Debe este éxito a su ahínco en el trabajo, pero también, y sobre todo, a sus relaciones con los partidos políticos, sin cuyo sostén es imposible hacer marchar su fábrica. Durante tres décadas, aproximadamente de 1985 a 2015 (ver recuadro), Karachi estuvo, en efecto, bajo la égida de esas formaciones políticas, que están militarizadas y controlan el acceso a los principales servicios urbanos (agua, electricidad, transporte...). Las actividades coercitivas de estos partidos –cuyos miembros garantizan que se conserve el orden dentro de las fábricas– hacen de ellos socios imprescindibles.

Khan no para de hablar del modo como esta industria, volcada a la exportación, pudo superar el obstáculo de la pandemia de covid-19, que resultó en el cierre de fronteras y la caída de las ventas internas. Desde 2020 se abrió bruscamente un nuevo mercado a escala planetaria: los equipos de protección individual. Las grandes empresas se abalanzaron allí: “Firmamos un gran contrato con los estadounidenses para fabricar máscaras, delantales, todo ese tipo de cosas. En lo personal, supervisé la producción de al menos un millón de máscaras y delantales”, confía Khan. Esta producción se benefició del apoyo de la Agencia para el Desarrollo Internacional de Estados Unidos (USAID), que brindó ayuda a nueve empresas para que acondicionaran su entorno de trabajo y luego obtuvieran las certificaciones necesarias para la exportación. En el lapso de algunos meses, se implementó una nueva cadena de suministros mundial con la colaboración de importantes medios aéreos, tanto civiles como militares.

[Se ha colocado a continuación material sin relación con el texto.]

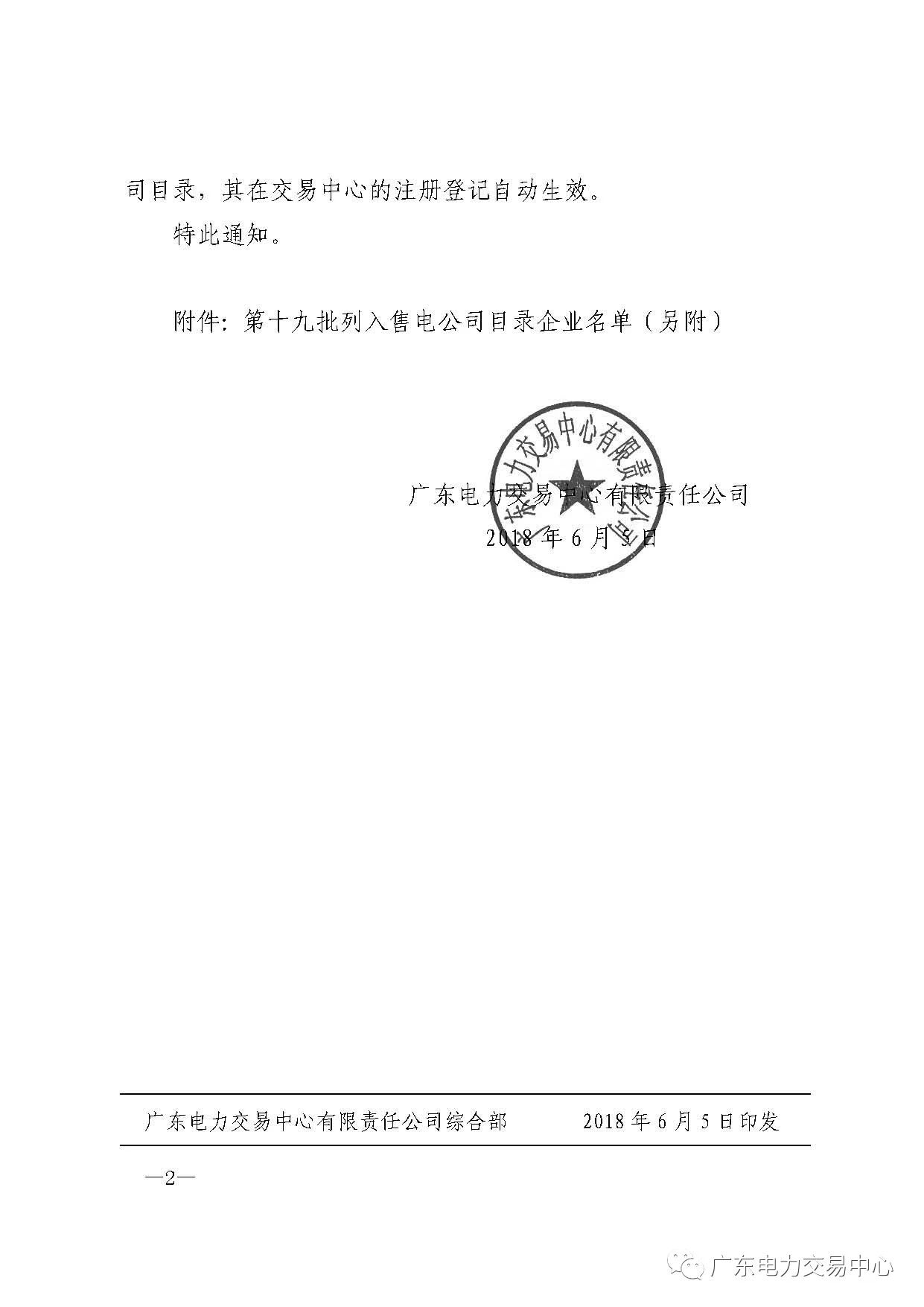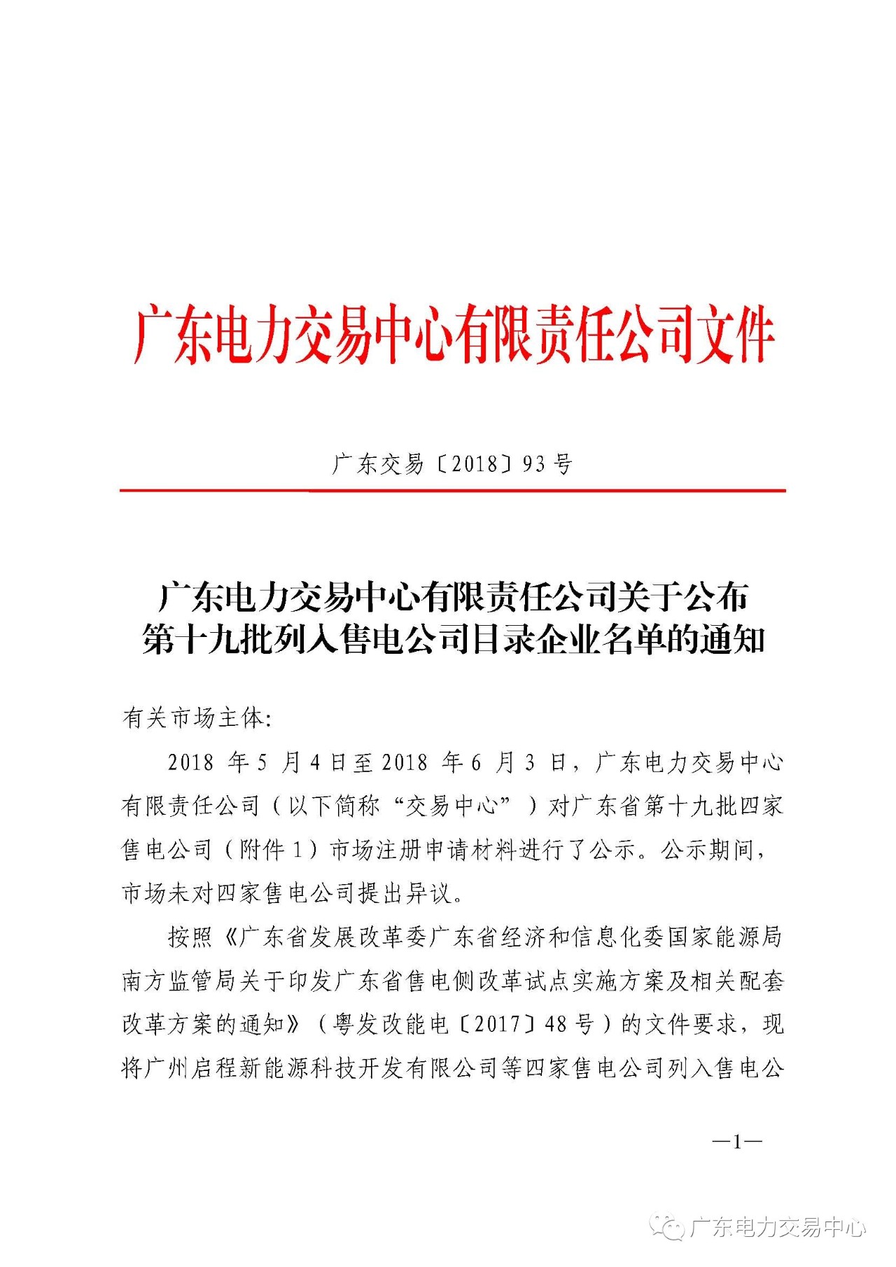 2018年5月4日至6月3日,廣東電力交易中心對(duì)廣東省第十九批四家售電公司市場(chǎng)注冊(cè)申請(qǐng)材料進(jìn)行了公示。公示期間,市場(chǎng)未對(duì)四家售電公司提出異議,現(xiàn)將四家售電公司列入售電公司目錄,通知正文如下:

No obstante, fue el Estado paquistaní el que hizo el aporte financiero mayor, por intermedio de su Banco Central, para reforzar y modernizar el aparato de producción. Además, su estrategia de confinamientos localizados y limitados en el tiempo facilitó la conquista de segmentos del mercado en detrimento de competidores indios, chinos y bangladesíes, confrontados a restricciones sanitarias prolongadas. La rama textil, que emplea a 15 millones de personas y contribuye con 8,5 por ciento del Producto Interno Bruto, salió así fortalecida de la crisis: las ventas en el exterior, que representan más de 60 por ciento de las exportaciones paquistaníes totales, batieron todos sus récords en 2021-2022 (19.000 millones de dólares).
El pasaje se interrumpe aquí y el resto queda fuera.